Brain food

by Nicholas Laughlin on July 14, 2010

Installation view of Karyn Olivier’s ACA Foods Free Library. Photograph courtesy the artist

The latest issue of the CRB — dated July 2010 — began publication yesterday (and will continue for the next six weeks, with new reviews and other pieces appearing every week). We kick things off with three reviews.

First, Ian Dieffenthaller tackles Anson Gonzalez’s Artefacts of Presence: Collected Poems, casting an eye over the Trinidadian poet’s forty-year career and oeuvre. Apart from his poems — “very much part of the canon,” Dieffenthaller argues — Gonzalez was the founder and editor of the influential journal New Voices, published intermittently over two decades, and he has been a key colleague and mentor for two generations of Trinidadian writers.

Next, two reviews of recent fiction. Andre Bagoo, a political reporter and analyst for the Trinidad and Tobago Newsday, brings his journalist’s insight to his review of Monique Roffey’s novel The White Woman on the Green Bicycle. Roffey’s book, recently shortlisted for the Orange Prize, turns on the tantalising notion of a fictional affair between Trinidad and Tobago’s first prime minister, Eric Williams, and the female half of an expatriate couple who settle in Port of Spain in the 1950s. Meanwhile, Nadia Ellis takes a look at How to Escape from a Leper Colony, a collection of short fiction and the first book by the young writer Tiphanie Yanique of the US Virgin Islands. Ellis’s review suggests Yanique is a talent we should expect much from in the future.

And this week the CRB also publishes a portfolio of images from ACA Foods Free Library, a public art project by Karyn Olivier (part of the recent Rockstone and Bootheel: Contemporary West Indian Art programme at Real Art Ways in Hartford, Connecticut).

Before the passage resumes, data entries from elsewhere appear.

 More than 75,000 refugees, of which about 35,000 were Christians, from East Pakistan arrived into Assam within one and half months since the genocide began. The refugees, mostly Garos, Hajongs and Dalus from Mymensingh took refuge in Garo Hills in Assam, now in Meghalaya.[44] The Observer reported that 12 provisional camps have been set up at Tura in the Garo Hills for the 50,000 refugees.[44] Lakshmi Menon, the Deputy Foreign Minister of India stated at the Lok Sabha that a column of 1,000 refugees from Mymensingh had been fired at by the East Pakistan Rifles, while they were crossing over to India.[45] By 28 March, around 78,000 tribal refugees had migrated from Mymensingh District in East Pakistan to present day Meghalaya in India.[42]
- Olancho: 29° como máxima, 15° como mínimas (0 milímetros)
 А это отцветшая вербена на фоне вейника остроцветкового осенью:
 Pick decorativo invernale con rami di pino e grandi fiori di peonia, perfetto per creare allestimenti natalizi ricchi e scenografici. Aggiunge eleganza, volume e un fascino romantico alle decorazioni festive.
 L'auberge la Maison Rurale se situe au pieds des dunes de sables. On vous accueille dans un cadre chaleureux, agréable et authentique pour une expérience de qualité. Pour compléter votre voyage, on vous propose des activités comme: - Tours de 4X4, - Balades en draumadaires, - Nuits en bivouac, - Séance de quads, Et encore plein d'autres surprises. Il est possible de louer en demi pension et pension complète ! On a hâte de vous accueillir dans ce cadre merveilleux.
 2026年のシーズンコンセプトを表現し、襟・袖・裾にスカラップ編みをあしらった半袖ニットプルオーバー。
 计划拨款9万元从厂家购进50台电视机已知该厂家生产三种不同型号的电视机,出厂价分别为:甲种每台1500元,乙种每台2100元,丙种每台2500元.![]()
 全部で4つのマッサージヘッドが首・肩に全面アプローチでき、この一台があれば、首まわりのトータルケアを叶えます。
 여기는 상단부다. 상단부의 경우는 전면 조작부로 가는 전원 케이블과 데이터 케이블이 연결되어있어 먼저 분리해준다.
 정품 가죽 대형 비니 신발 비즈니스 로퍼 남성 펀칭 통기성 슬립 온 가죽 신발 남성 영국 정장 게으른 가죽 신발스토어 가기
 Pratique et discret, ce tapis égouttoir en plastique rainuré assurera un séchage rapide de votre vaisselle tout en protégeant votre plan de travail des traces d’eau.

Olivier, hoping to “create a social environment of shared activity,” set up a free lending library of Caribbean books in a West Indian supermarket in Hartford. The portfolio documents the project and is accompanied by an interview with the artist. “My hope was for this library to expand what we imagine the ‘consumables’ of a market to be,” she says.

Particularly when that market inadvertently traffics in nostalgia for home. I was thinking it could be a place where we could really slow down, browse, and relish the sights, smells, tastes, sounds, and, yes, the imperishable produce of our West Indian heritage. I really liked the idea of borrowers returning the books when they were finished “digesting them.”